Section 4 provides a comprehensive analysis and discussion of the results, highlighting key findings and their implications. Finally,
Section 5 concludes this paper, summarizing the main contributions and suggesting potential areas for future research.
5. Conclusions
The present paper focused on investigating the relationship between the longitudinal level and vertical ballast stiffness, using data mining techniques to analyze the collected data. This understanding is essential for various aspects in railway management including operational efficiency, safety, passenger comfort, and optimal resource allocation. So, this study was initially conducted by calculating ballast stiffness and longitudinal levels, using track recording cars, along a section of the Tehran–Mashhad railway line. The primary data were processed, and the correlation analyses between longitudinal levels and vertical ballast stiffness were conducted using frequency analysis techniques and machine learning algorithms such as linear regression, decision trees, and random forests. The following are the summarized results obtained from investigating the relationship between the longitudinal level and vertical ballast stiffness:
The frequency analysis showed that the power spectrum density of the vertical longitudinal level and ballast stiffness have approximately a 0.67 correlation. These values indicate a rather remarkable relationship between the PSD of these data. Additionally, it revealed a notable correlation in PSD data, particularly in the wavelength of 1–4 rad/m.
The correlation analyses, using machine learning methods, demonstrated an appropriate relationship between the rail longitudinal levels and vertical rail deflection. The concluded results revealed that the RMSE of the longitudinal levels and vertical rail deflections data ranged around 0.05 to 0.07. According to the outcomes, the linear regression, random forest, and decision trees achieved better accuracy, respectively.

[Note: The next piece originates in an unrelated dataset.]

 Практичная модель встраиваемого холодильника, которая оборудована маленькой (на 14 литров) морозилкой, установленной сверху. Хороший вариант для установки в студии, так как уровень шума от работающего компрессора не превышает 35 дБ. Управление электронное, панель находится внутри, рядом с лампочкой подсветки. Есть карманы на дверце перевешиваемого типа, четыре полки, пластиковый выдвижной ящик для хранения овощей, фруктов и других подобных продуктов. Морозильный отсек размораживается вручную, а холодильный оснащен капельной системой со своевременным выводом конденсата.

Furthermore, the data mining analyses, used by ML-based algorithms, concluded that the longitudinal level of the rail and vertical ballast stiffness have a considerable relationship. The RMSE values of the linear regression, decision tree, and random forest algorithms were approximately 0.04, 0.045, and 0.05, respectively, indicating that the linear regression method yielded more accurate results.

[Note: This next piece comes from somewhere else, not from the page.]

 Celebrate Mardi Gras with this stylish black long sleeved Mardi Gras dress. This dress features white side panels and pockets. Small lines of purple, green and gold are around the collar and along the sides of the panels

Given that a significant portion of the maintenance costs are attributed to maintaining track stiffness, it becomes imperative to deploy strategies to optimize resource allocation. As recording geometric parameters is faster and more straightforward than assessing track stiffness, it is increasingly interesting to analyze the relationship between track stiffness and track longitudinal levels. In conclusion, this investigation has revealed a significant relationship between the track longitudinal levels, vertical rail deflection, and ballast stiffness of railway tracks. The findings demonstrate that machine learning-based algorithms exhibit a strong capability to mine and analyze this correlation effectively. This insight underscores the potential of advanced analytical techniques in understanding and optimizing railway track maintenance strategies. By leveraging machine learning algorithms, railway operators and maintenance teams can better predict and address issues related to track conditions, ultimately enhancing the safety, efficiency, and longevity of railway infrastructure. Moreover, to improve accuracy, future research can explore more advanced machine learning and deep learning techniques.
These research findings establish a fundamental link between ballast stiffness and geometric parameters within the context of infrastructure management. A pragmatic framework for evaluating track health conditions is proposed. By extracting ballast stiffness data from longitudinal measurements, critical insights are gained into the structural integrity of railway superstructures and their associated maintenance requirements. This innovative framework holds significant promise for enhancing decision-making in railway track management planning.